**Work to be completed:** Nothing beyond the line containing "Cette décoration aux" is to be printed; print exactly each line from the start of the records below through that line, leaving out pictures.

**Information supplied:**

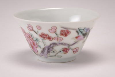 Wit glad kommetje met Famille rose bloemdecor en een Archer-fazant.
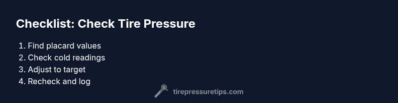 Begin with a cold tire check, locate your placard numbers, and select the target pressure for each axle. Use a gauge to measure each tire, starting with front tires, then move to the rear. If a tire reads below target, add air in small increments and recheck; if above, release air until you reach the target. Don’t forget to check the spare if your vehicle uses one. After adjustments, drive 2‑3 miles to settle the pressure and recheck; adjust again if necessary. Finally, record the new pressures and set a reminder for your next check.
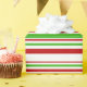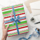 Cette décoration aux couleurs de Noël est ornée d'un motif rayé vert, blanc et rouge. Il peut être amusant d'utiliser du papier d'emballage comme celui-ci lors de la préparation de cadeaux ou de cadeaux qui sont donnés pour célébrer un anniversaire, un mariage, un anniversaire ou un autre événement.
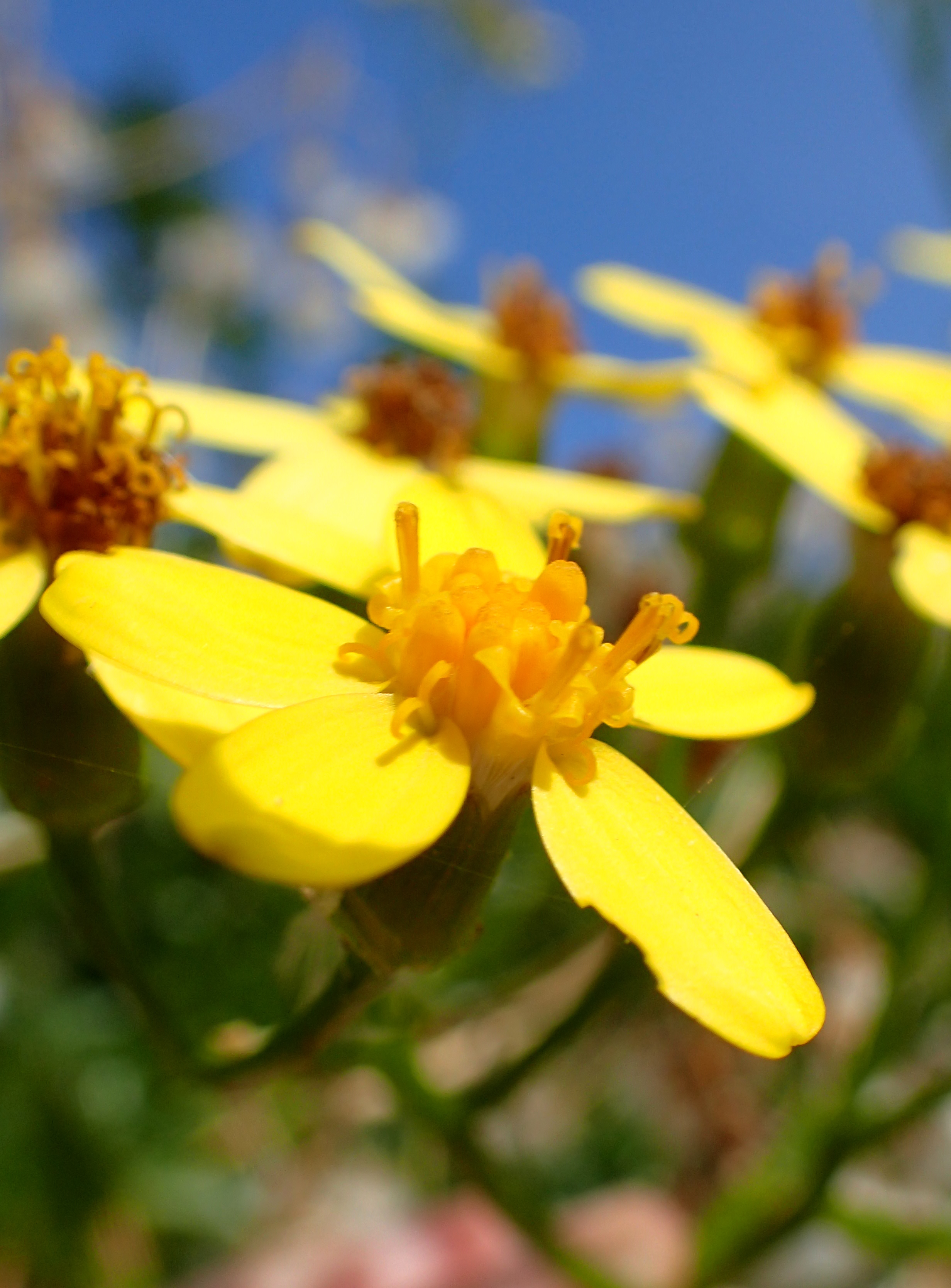국화과(Asteraceae) | 카피툴라(capitula) (단수형 capitulum) 또는 꽃 머리 | 다양한 종류의 꽃이 모여있다.[13] 개별 꽃은 작은꽃(florets)이라고 불린다.[6] 일반적으로 카피툴룸은 수분 매개자를 유인하기 위해 특화된 방사상 꽃을 가지고 있으며, 이는 성적 생식을 담당하는 원반 꽃을 둘러싸고 있다.[14] 과 내에서 꽃덮이 대칭은 다양할 수 있다. |
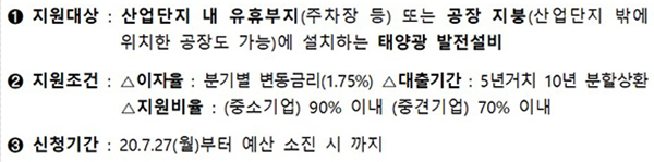 이번 산업단지 태양광 금융지원사업의 지원대상은 산단 유휴부지 또는 공장 지붕을 활용한 태양광 발전사업을 희망하는 공장주나 해당 대상지 임차인 등이다.
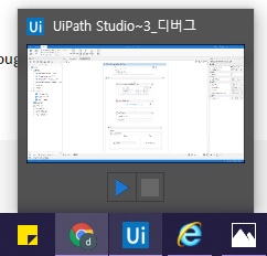 파일시작 및 중지버튼은 윈도우 작업 표시줄에도 존재합니다. UiPath 아이콘에 마우스 커서를 대보세요.

**Answer to the problem:**
 Wit glad kommetje met Famille rose bloemdecor en een Archer-fazant.
 Begin with a cold tire check, locate your placard numbers, and select the target pressure for each axle. Use a gauge to measure each tire, starting with front tires, then move to the rear. If a tire reads below target, add air in small increments and recheck; if above, release air until you reach the target. Don’t forget to check the spare if your vehicle uses one. After adjustments, drive 2‑3 miles to settle the pressure and recheck; adjust again if necessary. Finally, record the new pressures and set a reminder for your next check.
 Cette décoration aux couleurs de Noël est ornée d'un motif rayé vert, blanc et rouge. Il peut être amusant d'utiliser du papier d'emballage comme celui-ci lors de la préparation de cadeaux ou de cadeaux qui sont donnés pour célébrer un anniversaire, un mariage, un anniversaire ou un autre événement.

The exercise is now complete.